15.13 Resignation of Facility Agent. The Facility Agent may resign at any time by giving not less than thirty (30) days’ prior written notice to the Lenders and the Borrower. The Majority Lenders, on behalf of the Finance Parties, shall have the right to appoint a successor Facility Agent, but if they do not do so within the period of such notice the retiring Facility Agent may appoint a successor Facility Agent. The Facility Agent’s resignation shall not take effect until a successor Facility Agent has been appointed. Upon such appointment the successor Facility Agent shall succeed to and become vested with all the rights, powers, discretions and duties of the retiring Facility Agent and the retiring Facility Agent shall be discharged from any further duties and obligations hereunder. The parties to this Agreement agree to execute whatever documents may be necessary to effect such a change of Facility Agent. After any retiring Facility Agent’s resignation the provisions of this Clause 15 shall continue in effect for its benefit in respect of any actions taken or omitted to be taken by it while it was acting as the Facility Agent.

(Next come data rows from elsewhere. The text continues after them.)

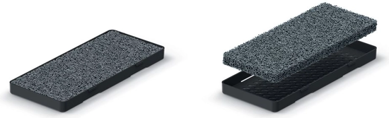 Porowata struktura aktywnego węgla pochłania zapachy i opary, pomagając utrzymać czystsze i świeższe powietrze wokół kosza.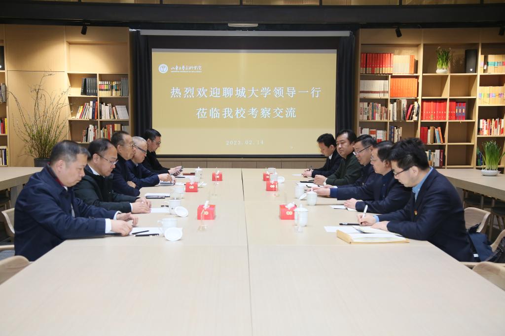 2月14日上午,聊城大学党委书记关延平,党委副书记房增褔一行5人来永利官网交流访问。院长潘鲁生,纪委书记苗新民,副院长董占军,党委委员、宣传部部长韩文涛会见来宾并座谈。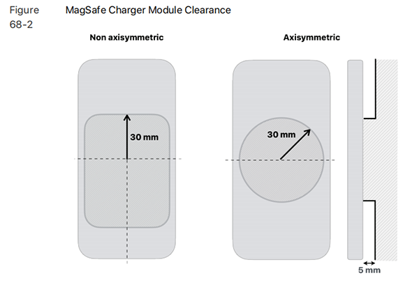 2)對于所有支持的設備方向,從MagSafe充電器模塊表面的中心到設備頂部邊緣不超過30mm;對于任何超過30mm的的配件,與設備背面(配合面)保持5毫米的間隙;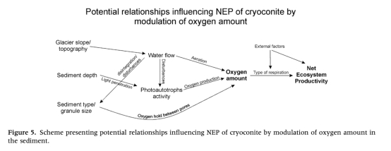 系統(tǒng)復雜性:冰塵孔作為"簡單模型系統(tǒng)",實際包含多因素互作(圖5),未來需結合水文與微生物功能深化碳循環(huán)認知。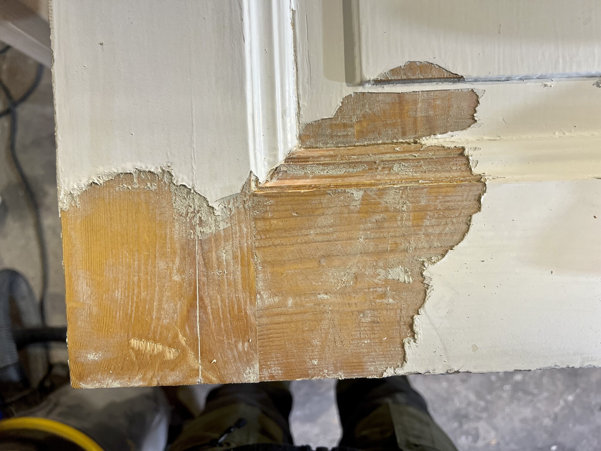 Jag tycker att du ska testa att skrapa trärent och sen måla med linoljefärg. Men! Gör det bara på en dörr som inte behövs så mycket så att du inte behöver stressa över att det drar ut på tiden. Först när du gjort hela processen en gång så vet du hur du vill/kan angripa nästa dörr eller fönster.

15.14 Security Agent. The following provisions shall apply to the Security Agent in its capacity as trustee in relation to any of the Security Documents:
(a) the Security Agent:
(i) may accept without enquiry or objection such title as the Borrower may have to any assets which are subject to any of the Security Documents and shall not be liable for any lack of or defect in such title, whether apparent or not and whether capable of remedy or not;
(ii) shall not be liable for any omission or delay in giving notice to any third party, or effecting any filing or registration, or obtaining any authorization, or otherwise perfecting the security constituted by any of the Security Documents;
(iii) shall not be obliged to hold any share certificates, title or other documents relating to the assets charged under any of the Security Documents in its own possession or to take any steps to protect or preserve such documents, and may permit the Borrower (or its lawyers or representatives) to retain such documents in its possession if it is reasonable in the circumstances;
37
(iv) may procure that any investment or all or any part of the property and assets charged or assigned under the Security Documents, or the proceeds thereof, is held and/or registered in the name of its nominee;
(b) unless provided otherwise in any Security Document, monies which are received by the Security Agent and held by it as trustee in relation to any of the Security Documents may be invested in the name of or under the control of the Security Agent in any investment authorized by Singapore law for the investment of trust money by trustees or in any other investments which may be selected by the Security Agent, and if not otherwise invested such monies may be placed on deposit in the name of or under the control of the Security Agent at such bank or institution (including the Security Agent) and upon such terms as the Security Agent may think fit;
(c) each of the other Finance Parties authorizes the Security Agent (by itself or by such person(s) as it may nominate) to execute and enforce the Security Documents as trustee, as agent or as otherwise provided, and confirms that the Security Agent shall have an independent right to release from any Security Document any asset permitted to be disposed of under this Agreement or the relevant Security Document and authorizes the Security Agent to execute any document which is reasonably required to achieve the release of any property or asset subject to the relevant Security Document as permitted or required by the terms of this Agreement or the relevant Security Document;
(d) the Security Agent may appoint any person established or resident in any jurisdiction (whether a trust corporation or not) to act as a trustee or agent, either separately or jointly with the Security Agent, in relation to any of the Security Documents if the Security Agent considers that such an appointment is necessary or desirable for the purpose of conforming with any legal requirement in any relevant jurisdiction or otherwise for the purpose of holding, administering, protecting or enforcing any of the Security Documents, and any such trustee or agent shall have such powers and discretions (not exceeding those conferred on the Security Agent) and such obligations as shall be conferred or imposed on it by the Security Agent;
(e) in relation to any Security Document governed by a law other than Singapore law, each Finance Party:
(i) shall execute and deliver any Security Document which, under applicable law, cannot be entered into by the Security Agent on its behalf, for example, because the security constituted by the Security Document must be entered into by it as creditor having a pro rata claim of the claims secured thereby;
38
(ii) grants the Security Agent power of representation in relation to the execution, enforcement and administration of the Security Documents; and
(iii) shall enter into such notarial deeds or other deeds or documents as are required under any applicable law relating to the security constituted by the Security Documents to enable the Security Agent or another attorney-in-fact to execute any Security Document on such Finance Party’s behalf and administer and enforce such security;
(f) Clauses 15.6 to 15.13 shall also apply to the Security Agent as if references therein to the Facility Agent in its capacity as such were references to the Security Agent in its capacity as trustee in relation to any of the Security Documents.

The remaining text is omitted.